- Stored records -
>>>>>

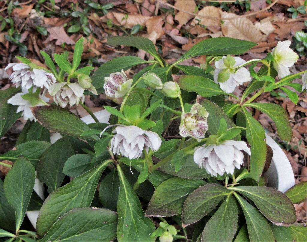 Many older homes in our neighborhood have established clumps of evergreen hellebores blooming from January through April or May. Suddenly, there are delicate pink and white petals emerging in the depths of winter. I asked a new friend about them soon after we moved to Williamsburg, and she generously gave me trays full of seedling plants when she thinned hers that spring. What a gift!
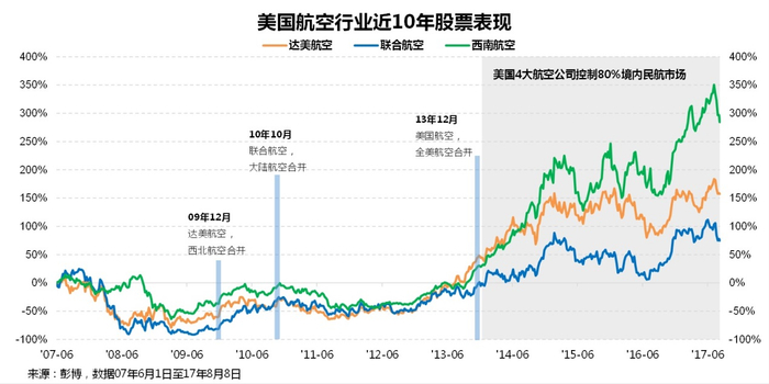 去过美国旅行的人十有八九都感受过美国民航三巨头的“优良”客户服务。飞机旧,座椅小,乘务员态度差都早已是普遍现象。但是很多人可能不知道,近三年是美国航空业放松管制后美国民航三巨头股价表现最佳的三年,不仅吸引了曾经发誓不再投资航空业的巴菲特的青睐,就连美联航强拖陶大卫医生下飞机的丑闻也没影响到美联航的股价。在世界的另一侧,服务较好的国泰航空和新加坡航空公司,近几年一直受到市场竞争激烈的压力,股价表现很差。背后的原因是,虽然这几家航空公司的业务相似,但面对的市场的整合度不一样。
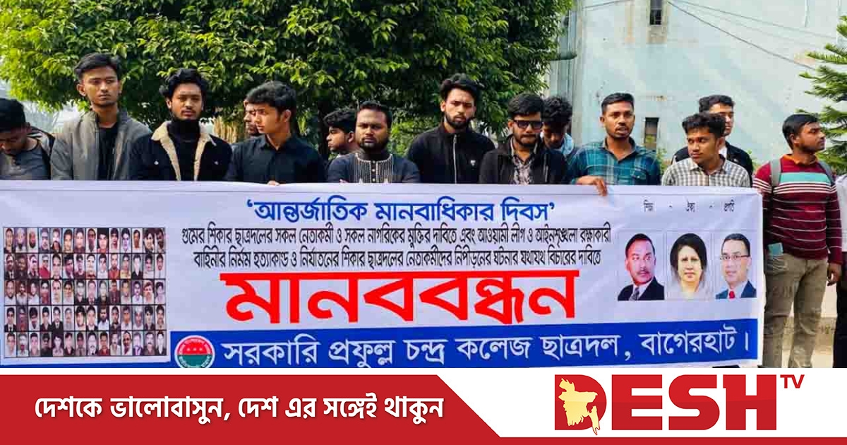 বাগেরহাটে বিগত সরকারের আমলে গুম হওয়া সকল নেতাকর্মী ও নাগরিকদের মুক্তির দাবিতে মানববন্ধন কর্মসূচি পালন করেছে ছাত্রদল। মঙ্গলবার (১০ ডিসেম্বর) সকালে বাগেরহাট প্রফুল্ল চন্দ্র কলেজ চত্বরে বিশ্ব মানবাধিকার দিবস উপলক্ষে এ মানববন্ধন অনুষ্ঠিত হয়।
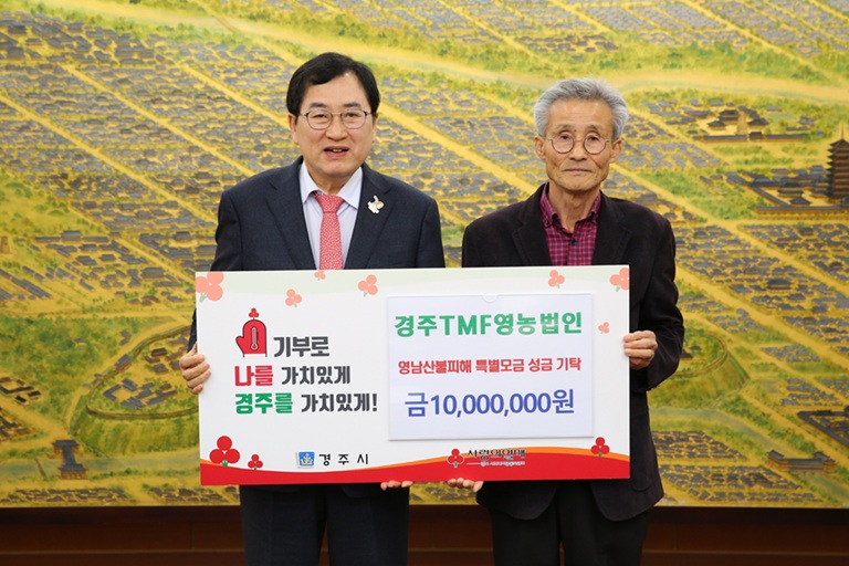 주낙영 경주시장은 “매년 나눔을 실천해주시는 경주 TMF영농법인에 깊이 감사드린다”며, “보내주신 성금은 이재민들의 삶의 터전을 복구하는 데 소중히 사용하겠다”고 전했다.
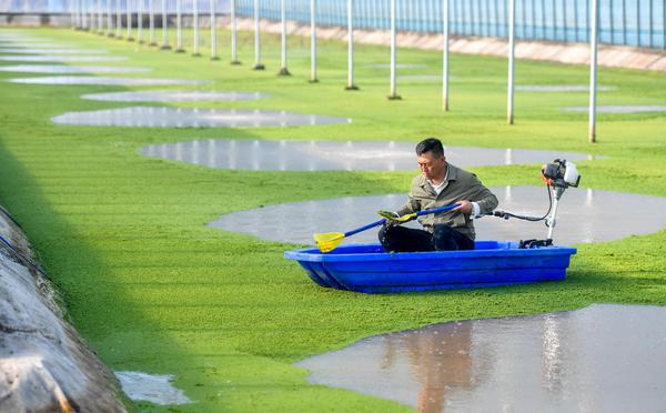 石嘴山市大武口区星海镇,宁夏牧丰农业发展专业合作社在盐碱地上搭建温棚,养殖澳洲龙虾、南美对虾等。
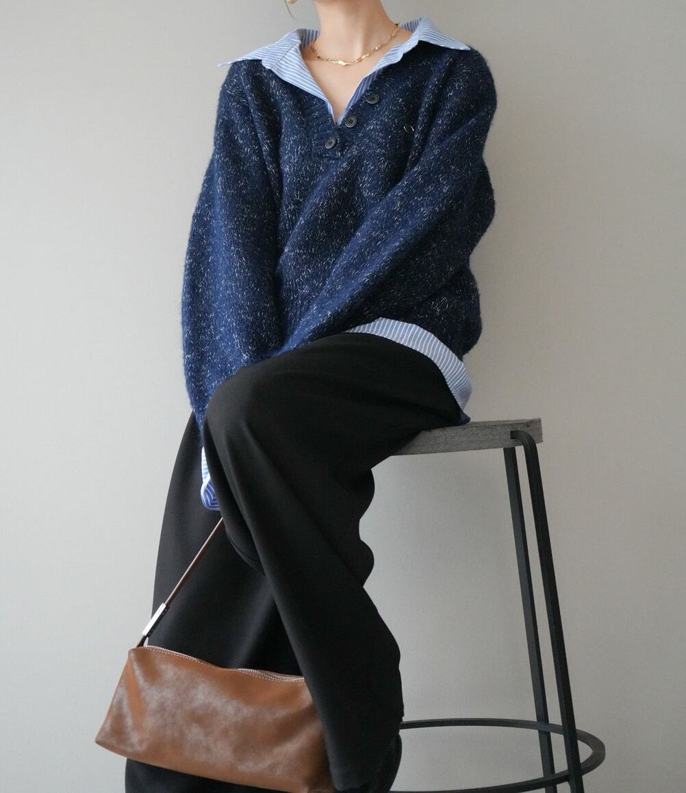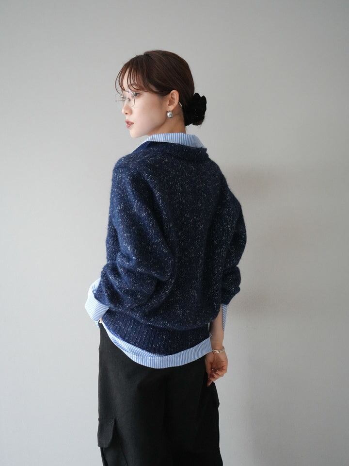 今季マストバイ 気質 おしゃれ 偽2枚 ストライプクロス ニットセーター
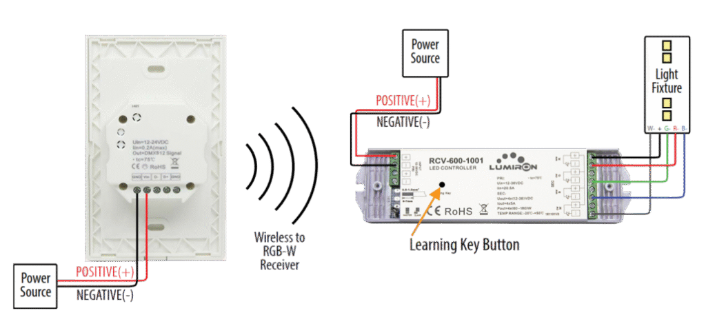 The 3 Zone Wall Mount RGBW LED Controller Receiver has been created to bring even more functionality and to enjoy controlling up to 3 separate lighting zones either independently or simultaneously. It can easily be used by wirelessly connecting to non-DMX LED fixtures operating in RGB-W mode.
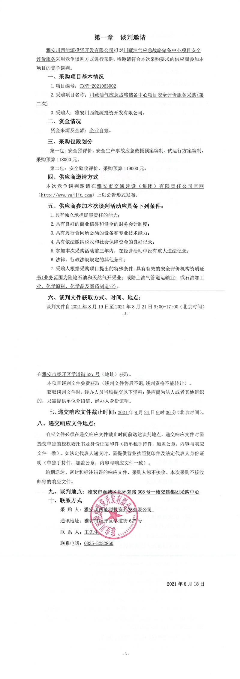 雅安川西能源投資開發(fā)有限公司川藏油氣應急戰(zhàn)略儲備中心項目安全評價服務采購(第二次)競爭談判公告
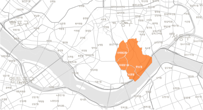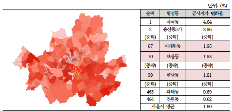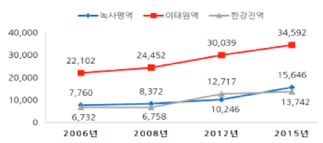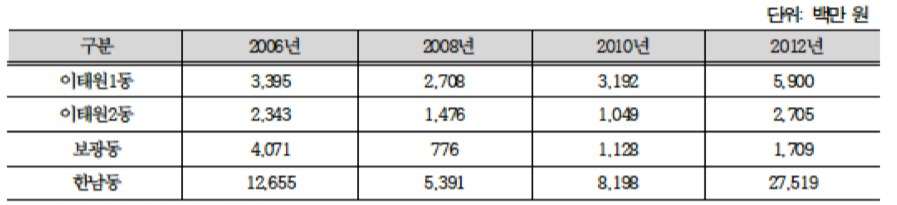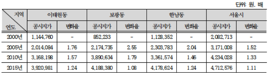 이태원 1,2동 , 보광동, 그리고 한남동의 2005년부터 2015년까지 10년 동안의 평균 공시지가 변화를 살펴보면, 이태원동의 경우, 1.95배, 보광동은 1.92배, 그리고 한남동은 1.81배 증가한 것을 알 수 있다. 서울시 동별 전체 평균 공시지가 상승률이 1.6배 정도인 것과 비교하면 이태원 지역의 평균 공시지가 증가율이 더 높은 것으로 나타났다.
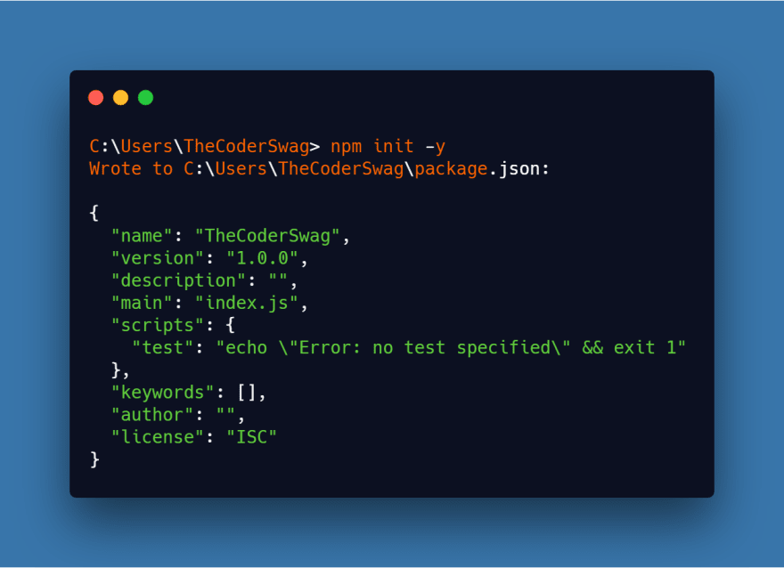 Do you want to quickly initialize a new package? Are you tired of those infinite system questions that appear when doing so? Then run npm init-y or npm init-f.These commands will allow you to skip those questions and jump straight into your next amazing project!
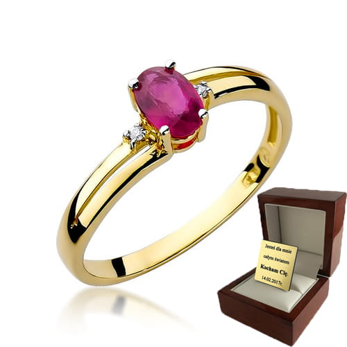 ZŁOTY PIERŚCIONEK ZARĘCZYNOWY Z RUBINEM I BRYLANTAMI
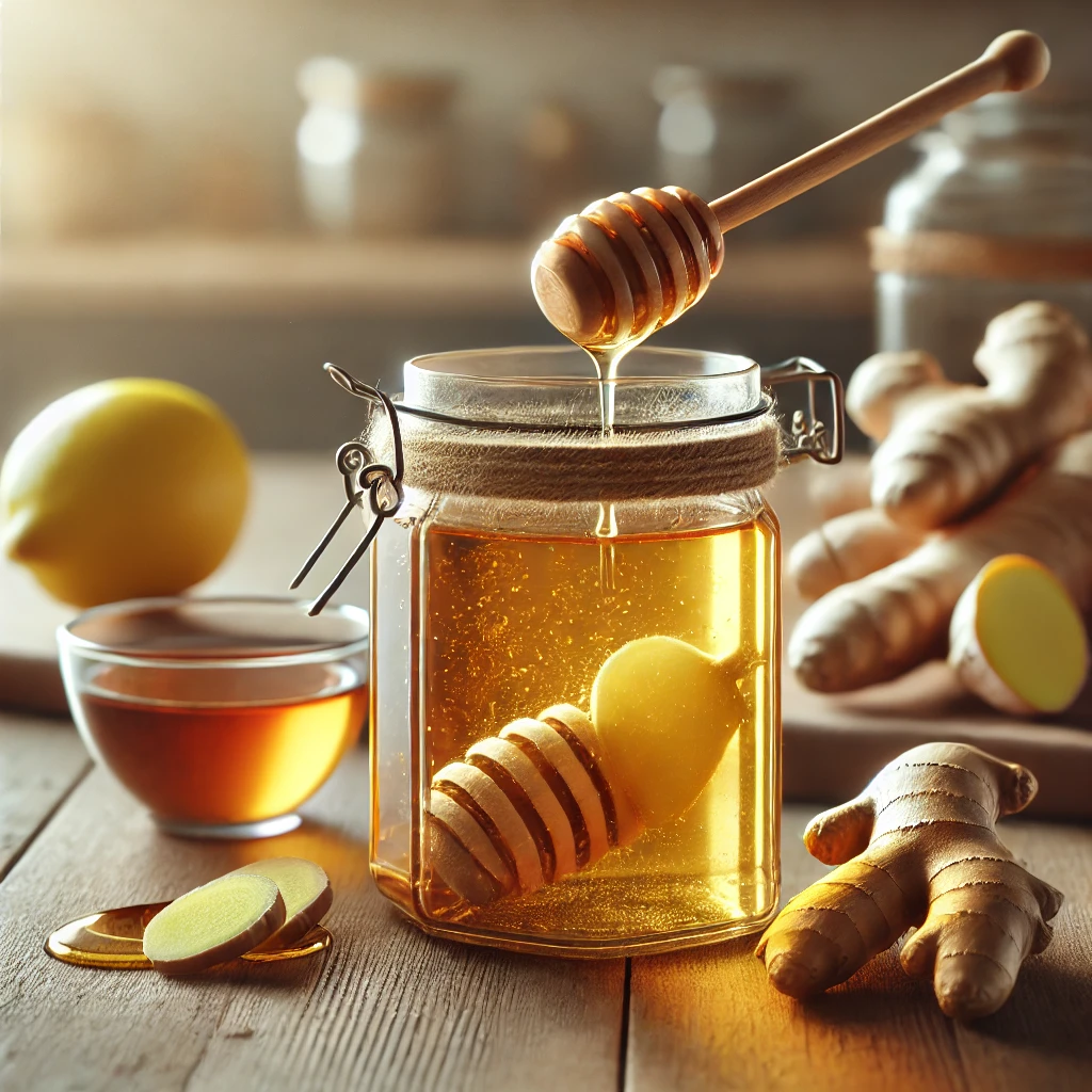 재료: 생강(얇게 썬 것) 10g, 물 500ml, 꿀 또는 설탕 1큰술
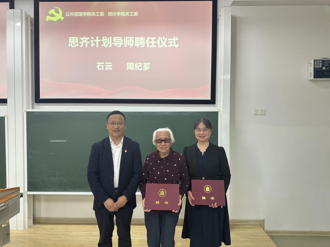 为了更好的帮助和指导青年学子,吃瓜网站 关工委和统计学院关工委分别为新聘任导师和委员颁发聘书,高恩新为石云、周纪芗两位老师颁发思齐计划导师聘书。
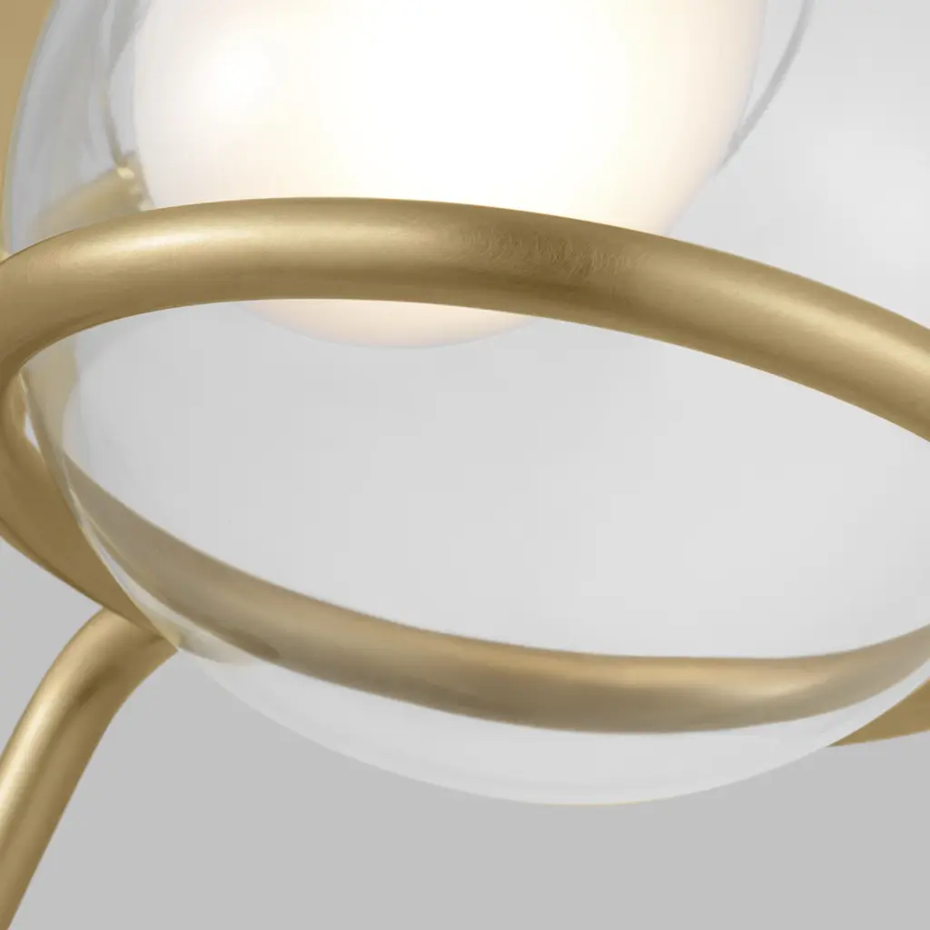 The Crosby Medium Sconce by AvroKO for Visual Comfort blends the radiance of 1970's Italian flair, with a striking yet simple design. Distinctive to its musical delicacy, the glossy black metal armature yields to an elegant brass “harp” holding a glass globe dispersing light fluidly and illuminating any space with perfection. Includes 7.7 watt, 537 delivered lumens, 2700K LED module. 120V dimmable with most LED compatible ELV and TRIAC dimmers. 277V compatible with 0-10V dimmers. Mounts vertically only. Downlight only.

<<<<<

- TASK TO CARRY OUT -
Only the records, copied exactly and without pictures, should make up the answer.

- SOLUTION TO THIS EXERCISE -
 Many older homes in our neighborhood have established clumps of evergreen hellebores blooming from January through April or May. Suddenly, there are delicate pink and white petals emerging in the depths of winter. I asked a new friend about them soon after we moved to Williamsburg, and she generously gave me trays full of seedling plants when she thinned hers that spring. What a gift!
 去过美国旅行的人十有八九都感受过美国民航三巨头的“优良”客户服务。飞机旧,座椅小,乘务员态度差都早已是普遍现象。但是很多人可能不知道,近三年是美国航空业放松管制后美国民航三巨头股价表现最佳的三年,不仅吸引了曾经发誓不再投资航空业的巴菲特的青睐,就连美联航强拖陶大卫医生下飞机的丑闻也没影响到美联航的股价。在世界的另一侧,服务较好的国泰航空和新加坡航空公司,近几年一直受到市场竞争激烈的压力,股价表现很差。背后的原因是,虽然这几家航空公司的业务相似,但面对的市场的整合度不一样。
 বাগেরহাটে বিগত সরকারের আমলে গুম হওয়া সকল নেতাকর্মী ও নাগরিকদের মুক্তির দাবিতে মানববন্ধন কর্মসূচি পালন করেছে ছাত্রদল। মঙ্গলবার (১০ ডিসেম্বর) সকালে বাগেরহাট প্রফুল্ল চন্দ্র কলেজ চত্বরে বিশ্ব মানবাধিকার দিবস উপলক্ষে এ মানববন্ধন অনুষ্ঠিত হয়।
 주낙영 경주시장은 “매년 나눔을 실천해주시는 경주 TMF영농법인에 깊이 감사드린다”며, “보내주신 성금은 이재민들의 삶의 터전을 복구하는 데 소중히 사용하겠다”고 전했다.
 石嘴山市大武口区星海镇,宁夏牧丰农业发展专业合作社在盐碱地上搭建温棚,养殖澳洲龙虾、南美对虾等。
 今季マストバイ 気質 おしゃれ 偽2枚 ストライプクロス ニットセーター
 The 3 Zone Wall Mount RGBW LED Controller Receiver has been created to bring even more functionality and to enjoy controlling up to 3 separate lighting zones either independently or simultaneously. It can easily be used by wirelessly connecting to non-DMX LED fixtures operating in RGB-W mode.
 雅安川西能源投資開發(fā)有限公司川藏油氣應急戰(zhàn)略儲備中心項目安全評價服務采購(第二次)競爭談判公告
 이태원 1,2동 , 보광동, 그리고 한남동의 2005년부터 2015년까지 10년 동안의 평균 공시지가 변화를 살펴보면, 이태원동의 경우, 1.95배, 보광동은 1.92배, 그리고 한남동은 1.81배 증가한 것을 알 수 있다. 서울시 동별 전체 평균 공시지가 상승률이 1.6배 정도인 것과 비교하면 이태원 지역의 평균 공시지가 증가율이 더 높은 것으로 나타났다.
 Do you want to quickly initialize a new package? Are you tired of those infinite system questions that appear when doing so? Then run npm init-y or npm init-f.These commands will allow you to skip those questions and jump straight into your next amazing project!
 ZŁOTY PIERŚCIONEK ZARĘCZYNOWY Z RUBINEM I BRYLANTAMI
 재료: 생강(얇게 썬 것) 10g, 물 500ml, 꿀 또는 설탕 1큰술
 为了更好的帮助和指导青年学子,吃瓜网站 关工委和统计学院关工委分别为新聘任导师和委员颁发聘书,高恩新为石云、周纪芗两位老师颁发思齐计划导师聘书。
 The Crosby Medium Sconce by AvroKO for Visual Comfort blends the radiance of 1970's Italian flair, with a striking yet simple design. Distinctive to its musical delicacy, the glossy black metal armature yields to an elegant brass “harp” holding a glass globe dispersing light fluidly and illuminating any space with perfection. Includes 7.7 watt, 537 delivered lumens, 2700K LED module. 120V dimmable with most LED compatible ELV and TRIAC dimmers. 277V compatible with 0-10V dimmers. Mounts vertically only. Downlight only.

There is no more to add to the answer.